Given material:
Segment Open

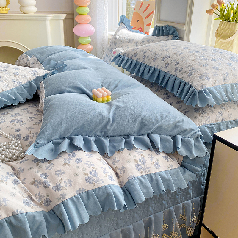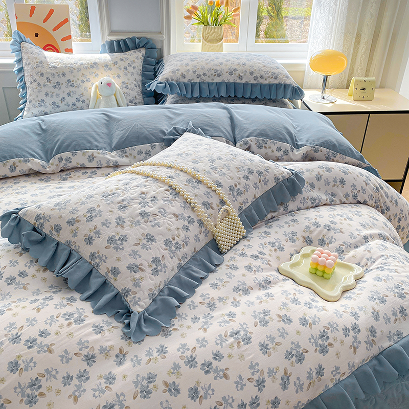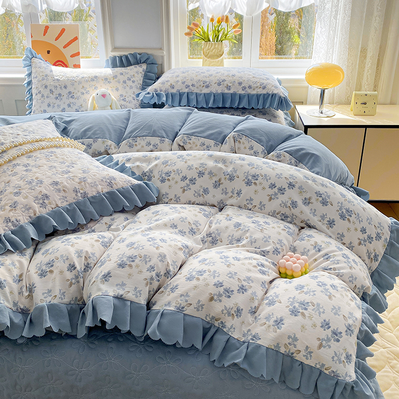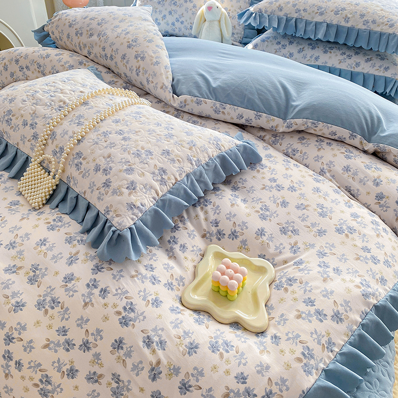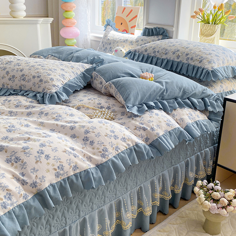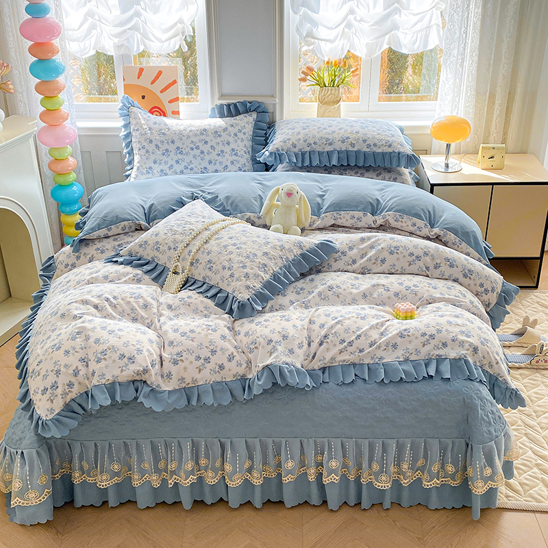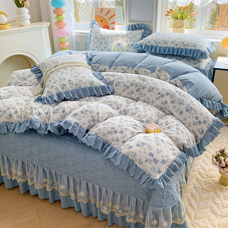 提花大世界 2025直播热款A类针织棉双层纱夹棉床盖床裙花边单件三件四件套 畅游花海
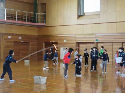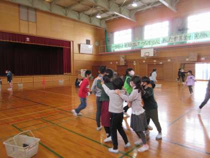 今日の昼休憩の時間、今学期最後の縦割り遊びを行いました。それぞれの班の班長が1年生から6年生まで、みんなで楽しむことができる遊びを考えてくれました。
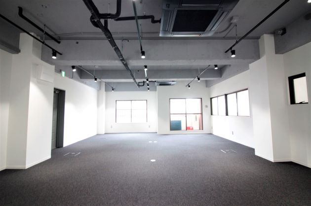 床はカーペット仕様、天井は抜かれており壁は白塗装です。
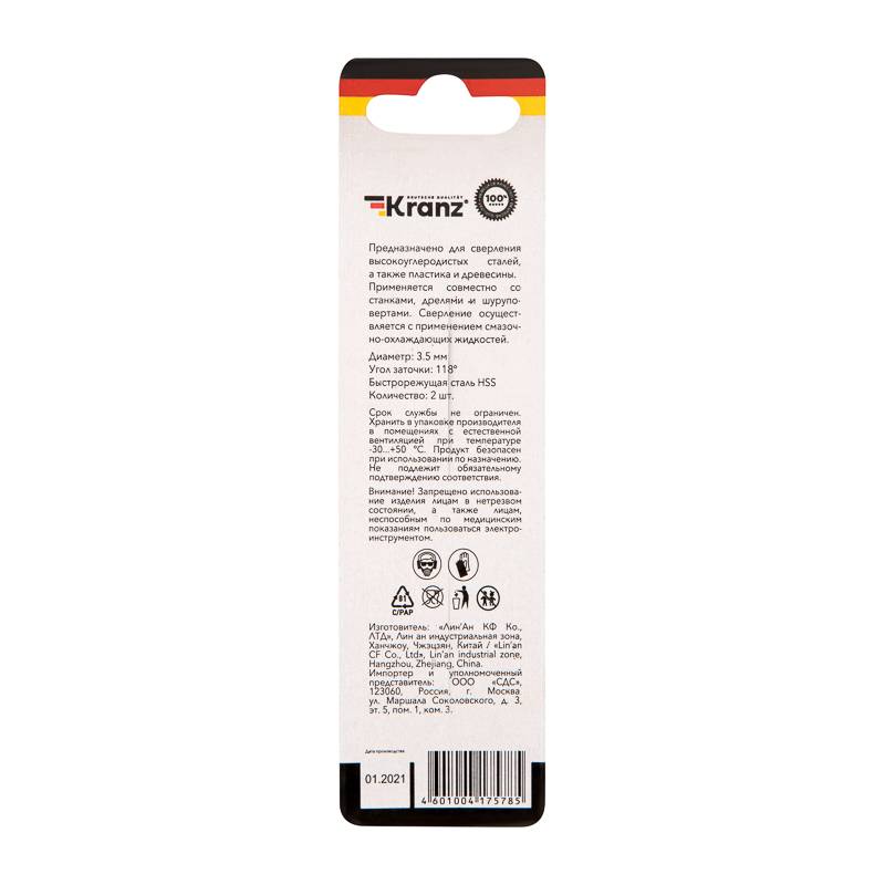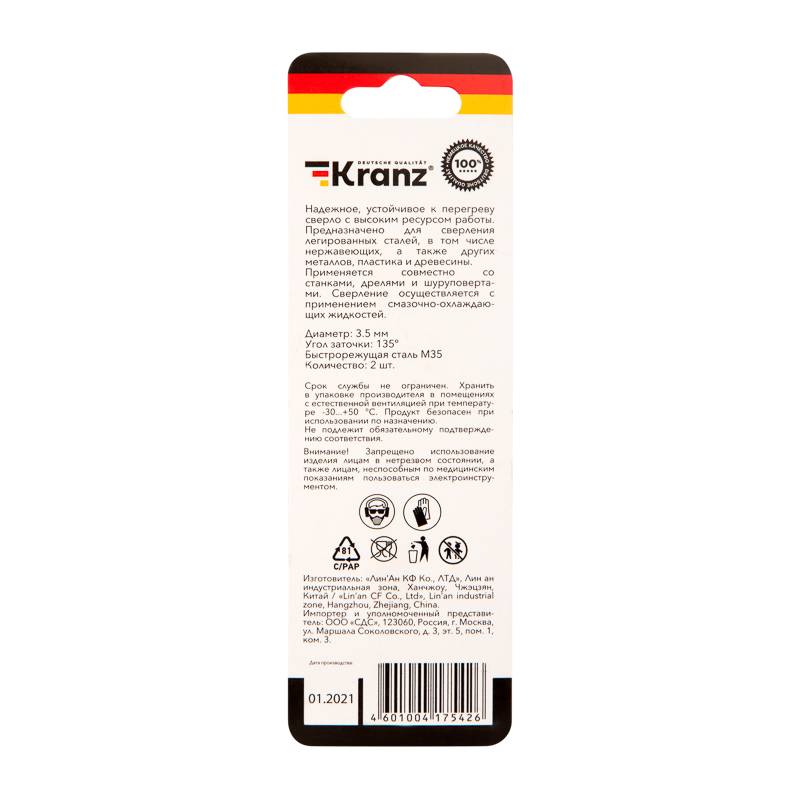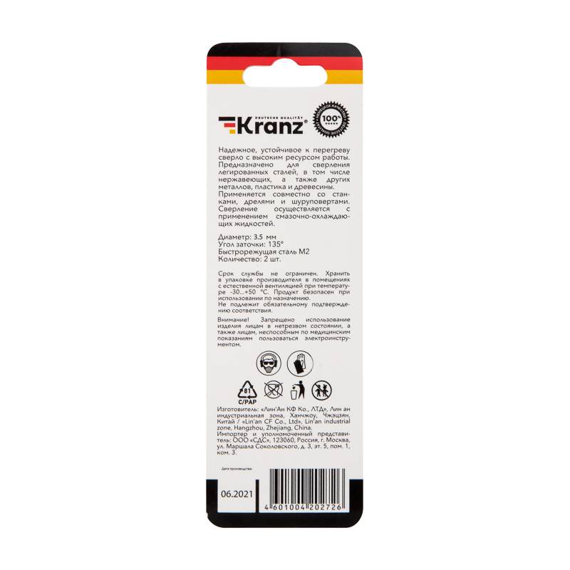 Сверло по металлу 3,5х70х39 мм HSS (2 шт. в упаковке) DIN 338 Kranz

Segment Closed

Prompt:
Where the line containing "床はカーペット仕様、天井は抜かれており壁は白塗装です。" appears, begin writing out the lines exactly, and continue through the end of the material above, omitting pictures.

Solution to the exercise:
 床はカーペット仕様、天井は抜かれており壁は白塗装です。
 Сверло по металлу 3,5х70х39 мм HSS (2 шт. в упаковке) DIN 338 Kranz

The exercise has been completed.